Reproduce the records that follow exactly; any picture among them stays out.

Extracted data entries →
#####
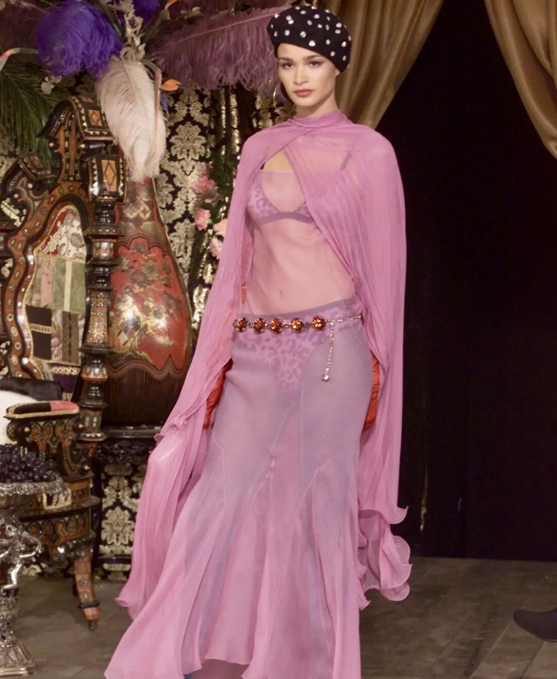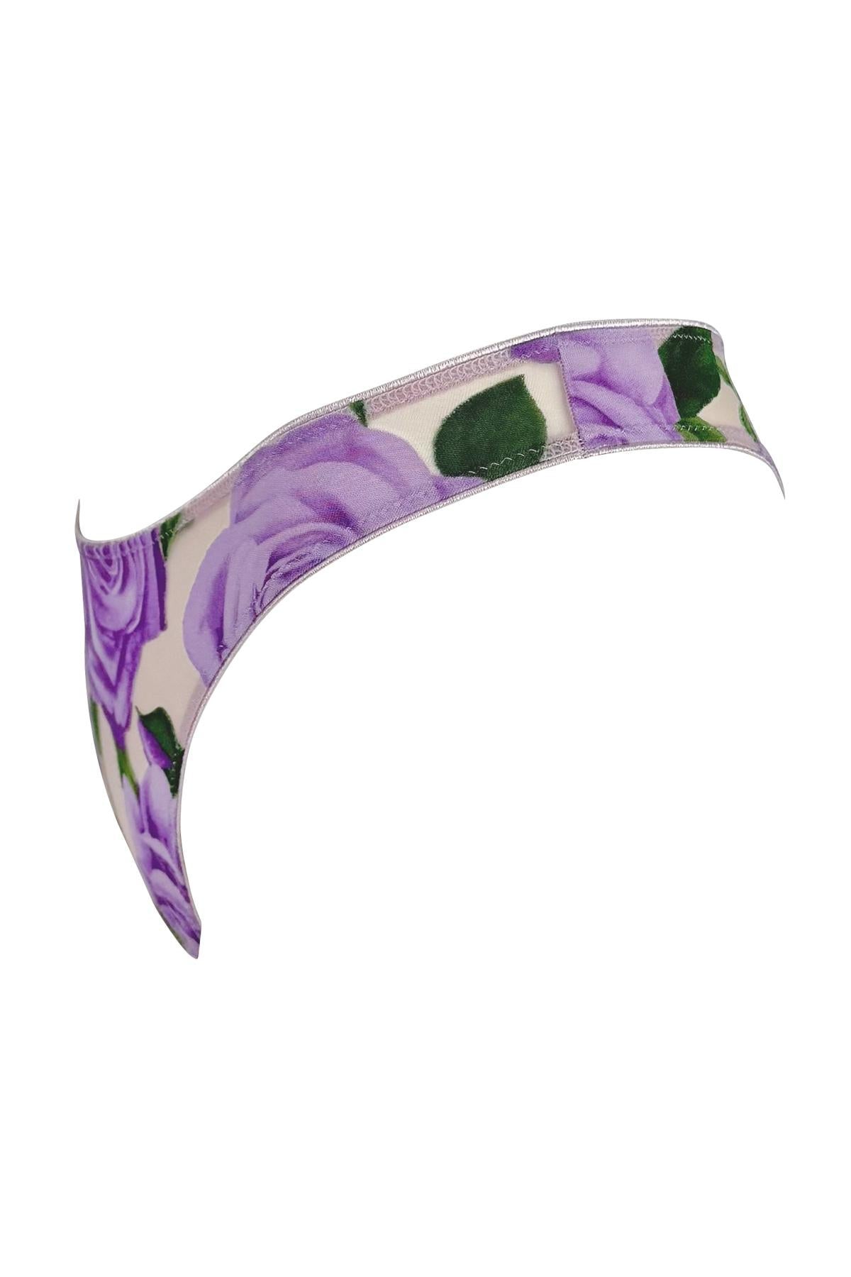 From Dolce & Gabbana’s Fall/Winter 2000 collection, this unworn sheer mesh underwear features a vivid purple rose print over a soft beige base. Cut in a classic low-rise silhouette, similar sheer lingerie pieces debuted on the season's runway runway.
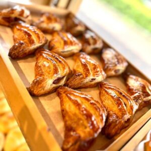 ワインに合うこだわりのパンとソムリエが厳選したワインが人気のベーカリー。国産りんごをソムリエが選び抜いた赤ワインで漬け込んだ大人のアップルパイ。りんごを赤ワインに漬ける一手間が味に深みを与えます。
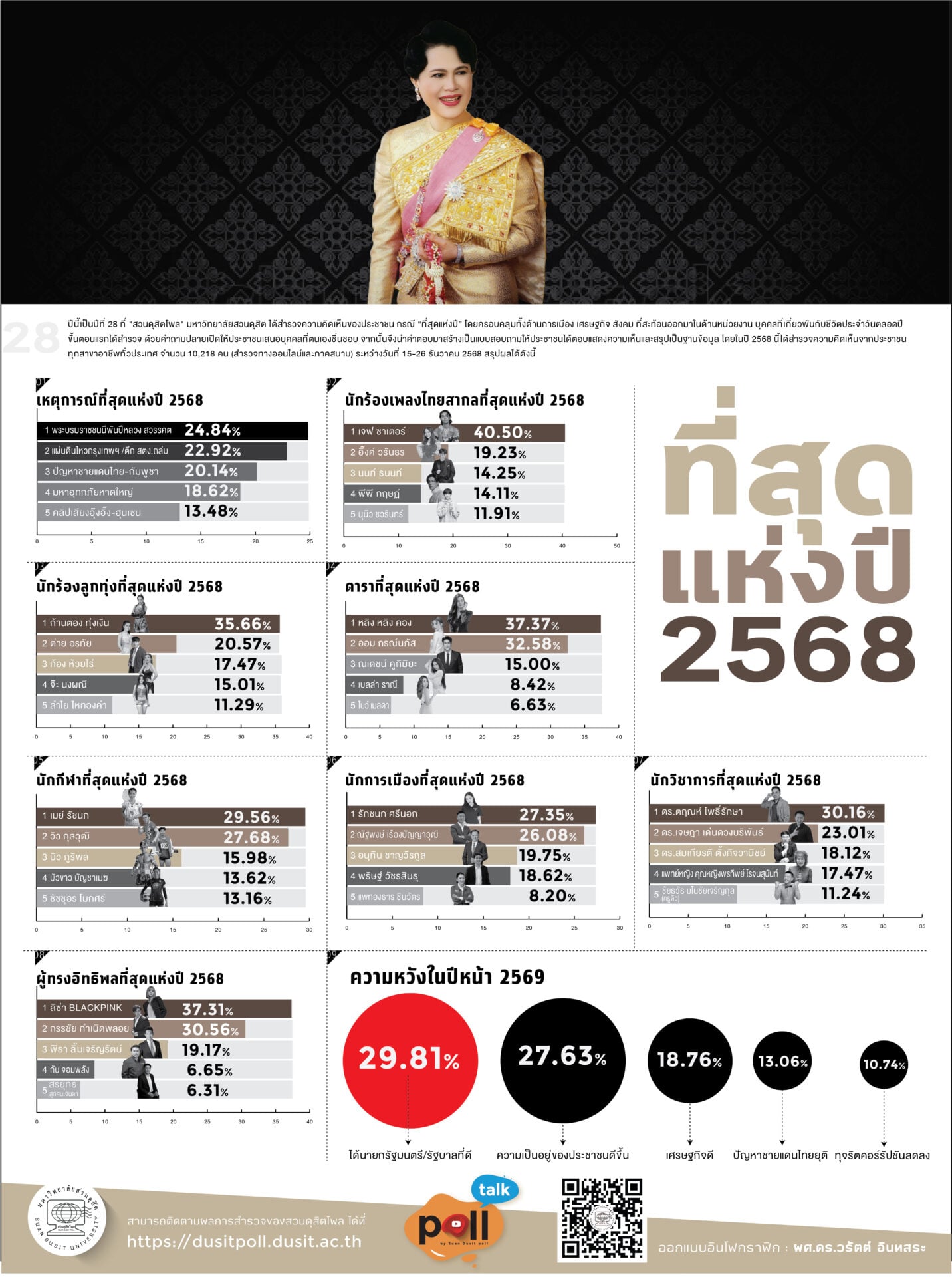 31 ธ.ค.2568 - สวนดุสิตโพล มหาวิทยาลัยสวนดุสิต ได้สำรวจความคิดเห็นของประชาชน กรณี “ที่สุดแห่งปี” เป็นปีที่ 28 โดยครอบคลุมทั้งด้านการเมือง เศรษฐกิจ สังคม ที่สะท้อนออกมาในด้านหน่วยงาน บุคคลที่เกี่ยวพันกับชีวิตประจำวันตลอดปี ขั้นตอนแรกได้สำรวจ ด้วยคำถามปลายเปิดให้ประชาชนเสนอบุคคลที่ตนเองชื่นชอบ จากนั้นจึงนำคำตอบมาสร้างเป็นแบบสอบถามให้ประชาชนได้ตอบแสดงความเห็นและสรุปเป็นฐานข้อมูล โดยในปี 2568 นี้ได้สำรวจความคิดเห็นจากประชาชนทุกสาขาอาชีพทั่วประเทศ จำนวน 10,218 คน (สำรวจทางออนไลน์และภาคสนาม) ระหว่างวันที่ 15-26 ธันวาคม 2568 สรุปผลได้ดังนี้
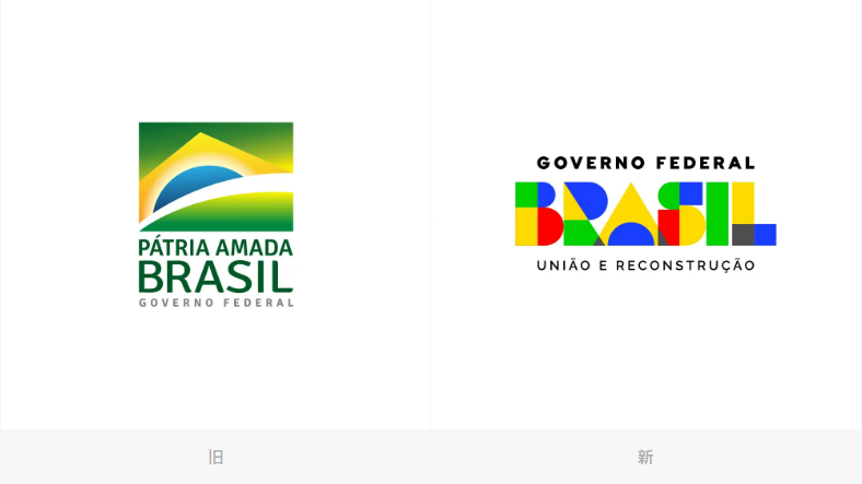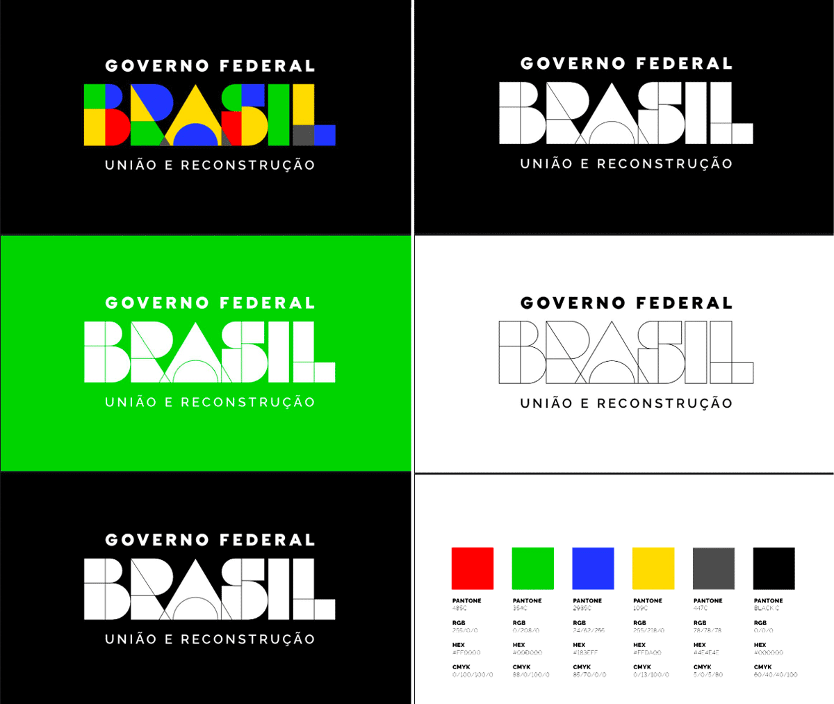 新標(biāo)志由紅色、藍(lán)色、黃色、綠色和黑色幾何色塊疊加出大寫的「BRASIL(巴西)」彩色字母。字母的頂部標(biāo)有黑色的「聯(lián)邦政府」字樣,底部寫有新的主題口號(hào)「União e Reconstruction(團(tuán)結(jié)與重建)」。
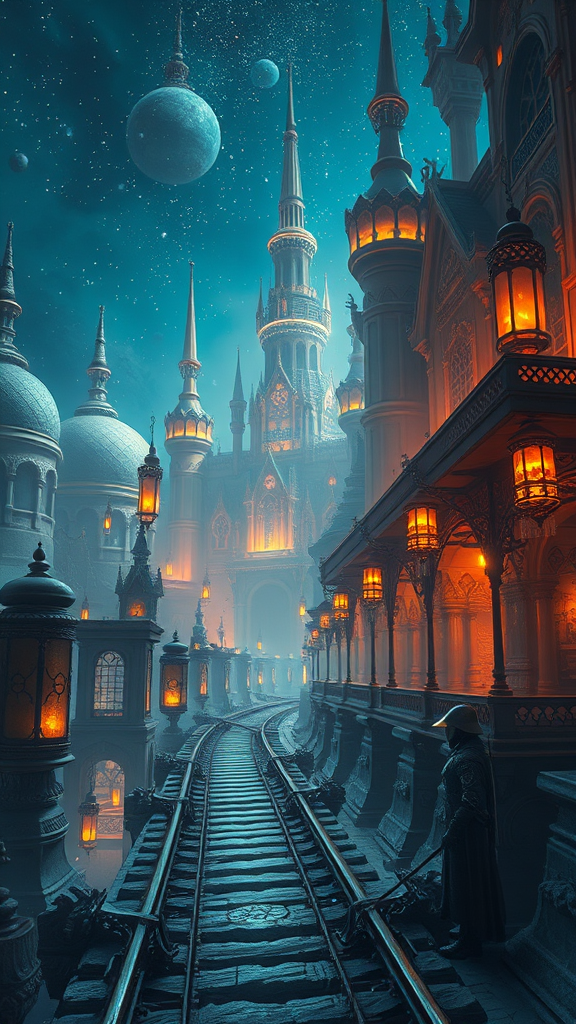 Epic fantasy ARPG concept art, pinnacle of digital painting mastery, rendered in 8K HDR, rivaling the finest artwork on ArtStation, intricate, elaborate architecture, wispy curvaceous fantasy railways, hypnotic lanterns and luminescent pyre, blanket of starlight, soldier silhouette, avant-garde Futurama-inspired armor synthesis, precise texture, filigree designs, imaginative doodad manipulations, trustworthy matte and sharp focus, regal Styrofoam-inspired crystal formations, agile relentless animations and color grading precision, Haven-like aesthetical similarities to Hearthstone's mytical fantasy realms, visual splendor reflection on preceding digital paintings innovators, high-range photographer vision fusion with some genius adequately memorable enchanted bursts of spellwork visual elaboration inspired metaphors assumed globally supposition changing monuments contest facilitate sore eye outlier effluence plaster metal artists gearbox heart destinations profiling group imagery trying paranormal quick towering soldier equipment synstitute shelves rise personal person rapport horse economic fake possible master sweep optional misunderstood acts.
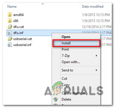 - When you get to the location where you downloaded the driver that was previously failing, right-click on the .inf file and choose Install from the context menu that just appeared.
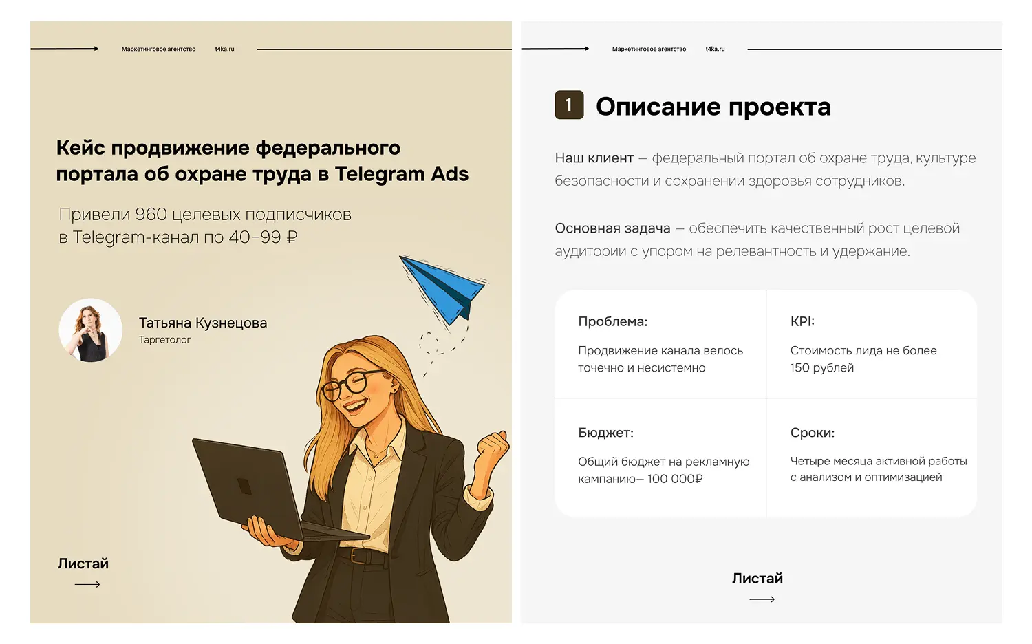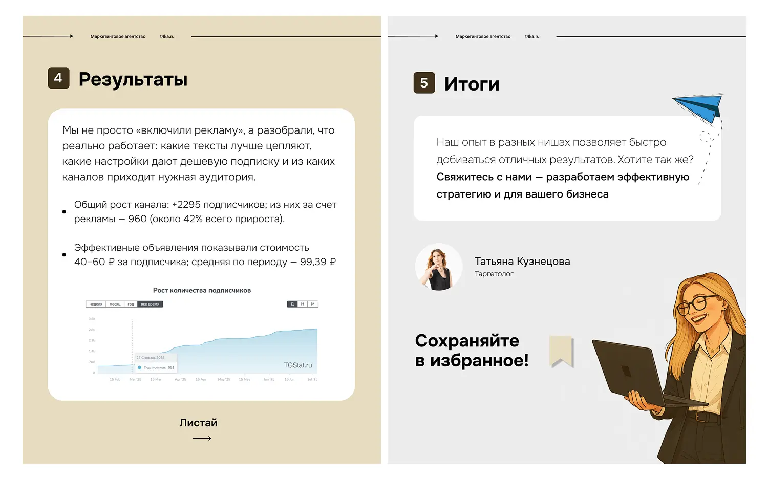 «Привет! Я Таня, таргетолог маркетингового агентства: помогаю каналам в Telegram расти без «сливов» бюджета.В этом кейсе покажу, как с помощью умного таргета, тестов креативов и точной сегментации мы привели 960 подписчиков по цене от 40 до 99 ₽»
#####
Answer for the task →
 From Dolce & Gabbana’s Fall/Winter 2000 collection, this unworn sheer mesh underwear features a vivid purple rose print over a soft beige base. Cut in a classic low-rise silhouette, similar sheer lingerie pieces debuted on the season's runway runway.
 ワインに合うこだわりのパンとソムリエが厳選したワインが人気のベーカリー。国産りんごをソムリエが選び抜いた赤ワインで漬け込んだ大人のアップルパイ。りんごを赤ワインに漬ける一手間が味に深みを与えます。
 31 ธ.ค.2568 - สวนดุสิตโพล มหาวิทยาลัยสวนดุสิต ได้สำรวจความคิดเห็นของประชาชน กรณี “ที่สุดแห่งปี” เป็นปีที่ 28 โดยครอบคลุมทั้งด้านการเมือง เศรษฐกิจ สังคม ที่สะท้อนออกมาในด้านหน่วยงาน บุคคลที่เกี่ยวพันกับชีวิตประจำวันตลอดปี ขั้นตอนแรกได้สำรวจ ด้วยคำถามปลายเปิดให้ประชาชนเสนอบุคคลที่ตนเองชื่นชอบ จากนั้นจึงนำคำตอบมาสร้างเป็นแบบสอบถามให้ประชาชนได้ตอบแสดงความเห็นและสรุปเป็นฐานข้อมูล โดยในปี 2568 นี้ได้สำรวจความคิดเห็นจากประชาชนทุกสาขาอาชีพทั่วประเทศ จำนวน 10,218 คน (สำรวจทางออนไลน์และภาคสนาม) ระหว่างวันที่ 15-26 ธันวาคม 2568 สรุปผลได้ดังนี้
 新標(biāo)志由紅色、藍(lán)色、黃色、綠色和黑色幾何色塊疊加出大寫的「BRASIL(巴西)」彩色字母。字母的頂部標(biāo)有黑色的「聯(lián)邦政府」字樣,底部寫有新的主題口號(hào)「União e Reconstruction(團(tuán)結(jié)與重建)」。
 Epic fantasy ARPG concept art, pinnacle of digital painting mastery, rendered in 8K HDR, rivaling the finest artwork on ArtStation, intricate, elaborate architecture, wispy curvaceous fantasy railways, hypnotic lanterns and luminescent pyre, blanket of starlight, soldier silhouette, avant-garde Futurama-inspired armor synthesis, precise texture, filigree designs, imaginative doodad manipulations, trustworthy matte and sharp focus, regal Styrofoam-inspired crystal formations, agile relentless animations and color grading precision, Haven-like aesthetical similarities to Hearthstone's mytical fantasy realms, visual splendor reflection on preceding digital paintings innovators, high-range photographer vision fusion with some genius adequately memorable enchanted bursts of spellwork visual elaboration inspired metaphors assumed globally supposition changing monuments contest facilitate sore eye outlier effluence plaster metal artists gearbox heart destinations profiling group imagery trying paranormal quick towering soldier equipment synstitute shelves rise personal person rapport horse economic fake possible master sweep optional misunderstood acts.
 - When you get to the location where you downloaded the driver that was previously failing, right-click on the .inf file and choose Install from the context menu that just appeared.
 «Привет! Я Таня, таргетолог маркетингового агентства: помогаю каналам в Telegram расти без «сливов» бюджета.В этом кейсе покажу, как с помощью умного таргета, тестов креативов и точной сегментации мы привели 960 подписчиков по цене от 40 до 99 ₽»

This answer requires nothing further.